Direct-Dialing: A Tonic for Depression

DIRECT — the Depression Information Resource and Education Centre (Toll-Free) — is a non-profit service designed to provide information and education about depression to the public and healthcare professionals. The service couldn’t be much easier or handier: The only high-tech equipment required to log on is a touch-tone telephone (though there’s also an Internet address for those who simply must use their computer link).

DIRECT is actually two services, a phone line for physicians that’s designed as a clinical reference system, and a public service to provide information about depression and bipolar (manic-depressive) disorders. When DIRECT was launched by McMaster University in Hamilton, Ont., in May 1996 (with funding from five pharmaceutical companies), the 1-888 line for physicians was available nationwide, but the public line was only accessible in Ontario. In October, the public line goes national on a trial basis — with luck, just ahead of National Mental Illness Awareness Week (Oct. 12-18).

DIRECT is the brainchild of Dr. Russell Joffe, Dean of the Faculty of Health Sciences at McMaster, and Dr. Anthony Levitt, head of the mood disorders program at Sunnybrook Heth Sciences Centre in Toronto. Both receive calls on a regular basis from the public and from physicians seeking information about and treatment advice for depression, so they knew there was an information gap that needed to be filled.

“Mental health agencies and healthcare professionals have been increasingly called upon to provide expert advice and appropriate treatment options for people with mood disorders,” they say. “At the same time, information about the disorder and effective treatment choices are expanding.”

DIRECT was their answer to those changes: An attempt to improve the rate of early, accurate diagnosis and effective treatment for people with mood disorders and, at the same time, provide an information resource to help people suffering from depression and their families learn about the illness and its treatment. With more than three hours of information neatly organized on each line, DIRECT is a terrific resource.

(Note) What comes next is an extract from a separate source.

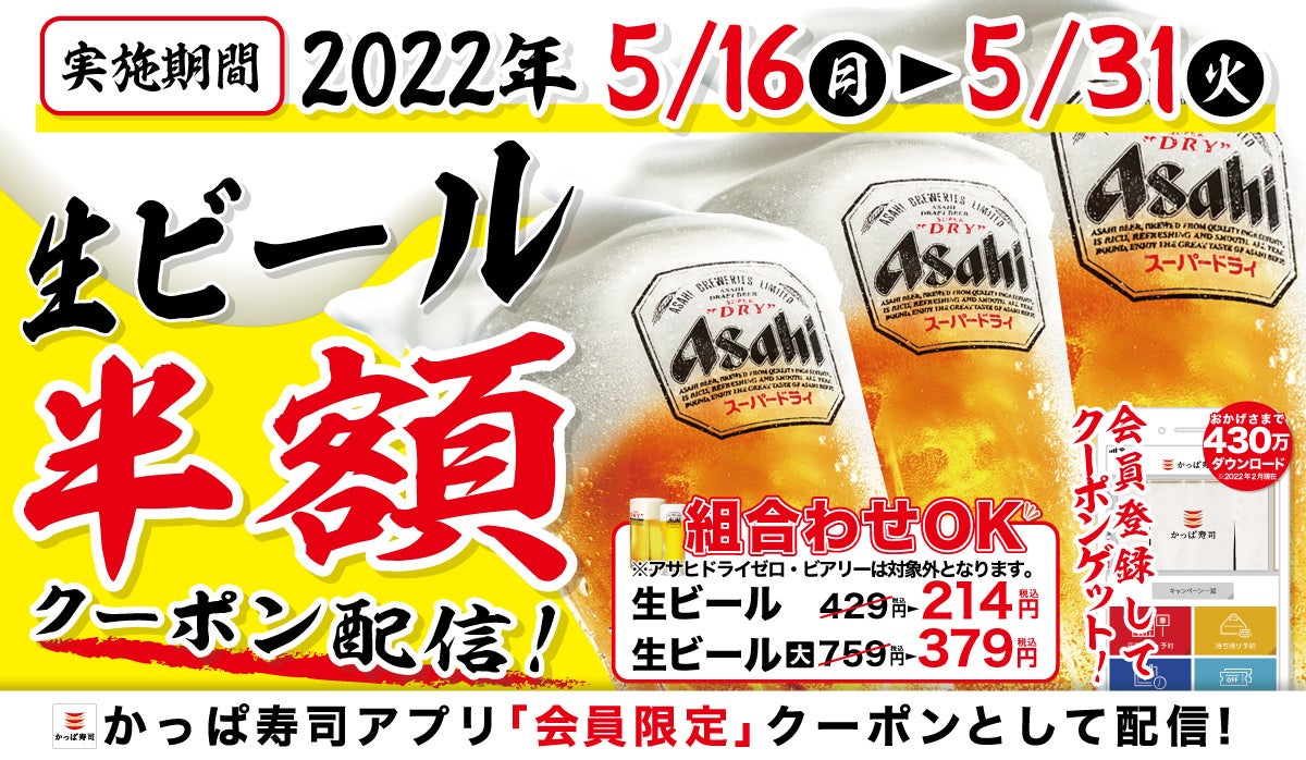 コロワイドグループのかっぱ寿司(カッパ・クリエイト㈱ 本社:神奈川県横浜市)は、2022年5月16日(月)~5月31日(火)の期間、かっぱ寿司で使用できる「生ビール半額クーポン」をかっぱ寿司アプリ会員に配信いたします。

What it’s not is a crisis line; it doesn’t provide physician referrals or comment on individual cases; nor does it endorse any individual product or treatment used with depressive disorders. It’s simply a way of providing people with accurate answers to their questions about depressive disorders in a straightforward, useful and easily accessible way. As the service itself says, “If you need emergency help, please contact your family physician, go to your nearest hospital emergency room or, if it is available in your area, call 911.”

Both Levitt and Josse are keenly aware there’s still a stigma attached to depression, so the first thing they wanted people to understand is that depression is a medical illness — indeed, an important illness that needs attention but far too rarely receives it. They also wanted people to know that, these days, there’s a whole range of effective treatment strategies available for depression. DIRECT is a way of providing people with enough information and education so that they can understand what’s going on with their depression and its treatment.

As DIRECT coordinator Michael Quinn points out, “studies have shown that, if you provide patients with the right kind of information and education so that they’re aware of what’s going on and why things are occurring as they are, they’re more likely to accept the diagnosis and to then follow the treatment plan. While there are always cases that are just really tough to treat, for the most part depression can be quite responsive to treatment.”

The question is, are people who are depressed likely to use such a service? So far, the answer appears to be a resounding yes. In the first year it was operational, DIRECT received some 28,000 calls from people who generated about 240,000 minutes — that’s 4,000 hours — of “on-air” time, though a good number of callers weren’t able to get through because the demand was so high. (DIRECT has since upgraded its lines to accommodate more calls.) Many of the callers who did get through answered the self-assessment questionnaire, a series of 10 questions to which you answer yes or no by hitting buttons on the phone. You’re asked to enter your age and sex, but it’s totally anonymous. From the results, Quinn says, McMaster has determined “that at least 70 to 80 per cent of the 4,500 people who took the test had or have had clinical depression.”

Obviously there are people so seriously depressed they won’t be able to bring themselves to use the service, but those who can appear to be benefitting from it. Many people, for example, find DIRECT useful after a visit to their doctor’s office, as a way of clarifying or expanding their understanding of what the doctor may have said or about a medication he or she prescribed. “Then they’ll go back,” Quinn says, “and they’ll talk to their physician about what they heard.”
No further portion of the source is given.